On the following day, withholding that morning’s dose of study medication, a two-step insulin infusion-glucose clamp was performed, as shown in Fig. 2. A primed (1.1 mmol/m²), continuous infusion of [6,6-d₂]glucose (0.014 mmol/min·m²) was started 3 h before insulin infusions. A 60-min infusion of [U-¹³C]palmitate (11 nmol/min·kg) was given to measure palmitate rate of appearance (Ra) and utilization (Rd) during fasting conditions and resumed for a 60-min infusion during the final hour of each of the two steps of insulin infusion. During the first step of the clamp, insulin was infused at 20 mU/min·m² for 3 h (LO), and plasma glucose was maintained at an isoglycemic level (i.e. maintaining the FPG of the study morning). This LO step was done to evaluate the effect of vildagliptin at a low physiological level of insulin and without altering ambient FPG. The LO step was then followed by an infusion at 80 mU/min·m² (HI) for 2 h. During HI, plasma glucose was maintained at euglycemia (5.0 mmol/liter) to study the effect of vildagliptin at an upper physiological insulin level. Plasma glucose was maintained by an adjustable infusion of 20% dextrose, labeled with [6,6-d₂]glucose, to maintain stable plasma enrichment. A heated hand was used for blood sampling. Systemic indirect calorimetry, using an open-circuit spirometry metabolic monitor system (Delta Trac, Anaheim, CA), was performed for 30-min intervals during fasting and at steady-state conditions during LO and HI. To estimate protein oxidation, an overnight urine collection was obtained for nitrogen determination.
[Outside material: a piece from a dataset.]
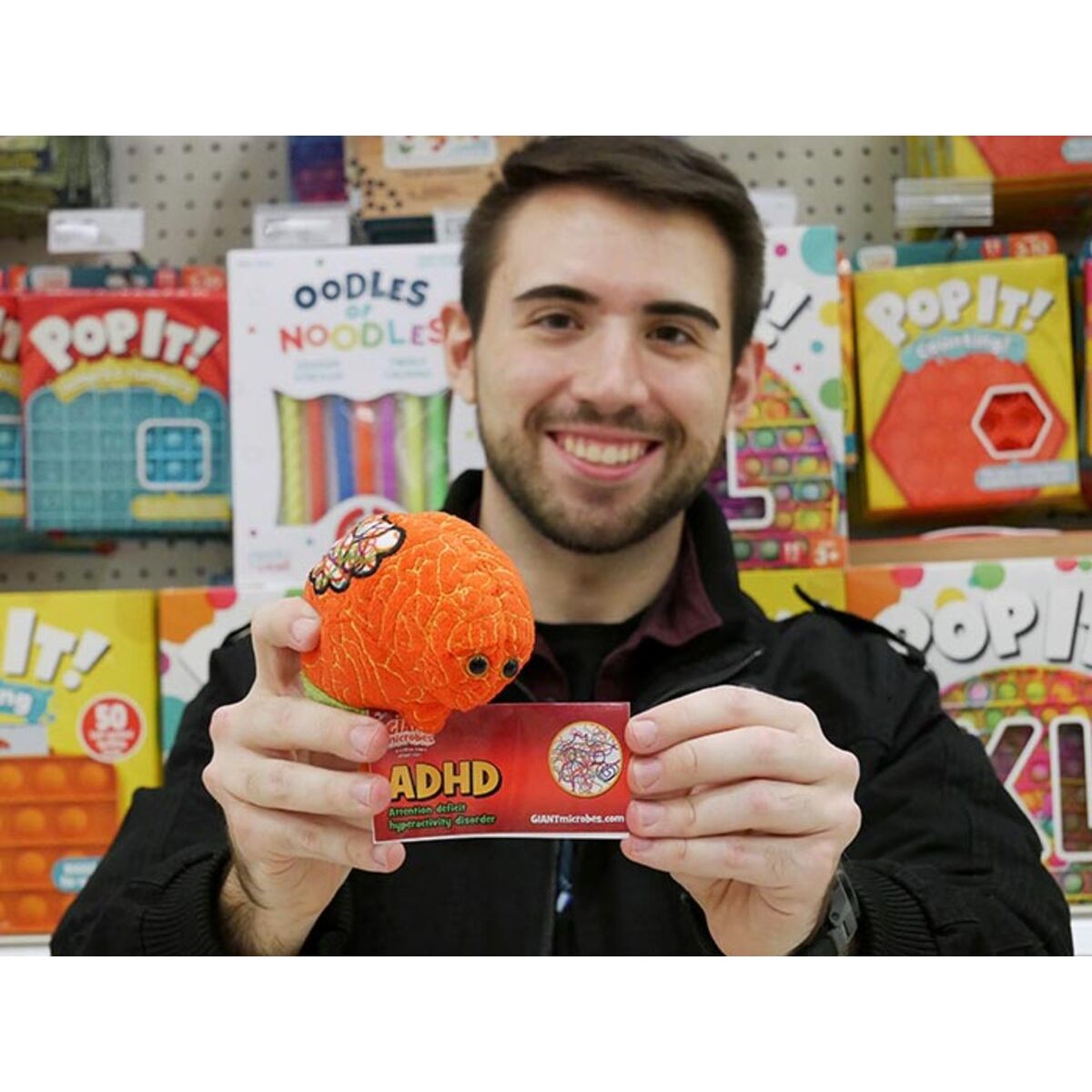 GIANTmicrobes ADHD is a plush representation of Attention Deficit Hyperactivity Disorder. This product helps educate, spread awareness, and encourage discussions about vitally important topics in mental health.

View larger version (16K): [in this window] [in a new window]   FIG. 2. The two-step insulin infusion-glucose clamp. Infusions of [6,6-d2]glucose and [U-13C]palmitate were given to measure glucose and fatty acid flux, as further described in Subjects and Methods. During the first step of the clamp, insulin was infused at 20 mU/min·m2 for 3 h (LO), and plasma glucose was maintained at an isoglycemic level (i.e. maintaining the FPG of the study morning). This was followed by an infusion at 80 mU/min·m2 (HI) for 2 h, and during HI, plasma glucose was decreased and maintained at euglycemia (5.0 mmol/liter).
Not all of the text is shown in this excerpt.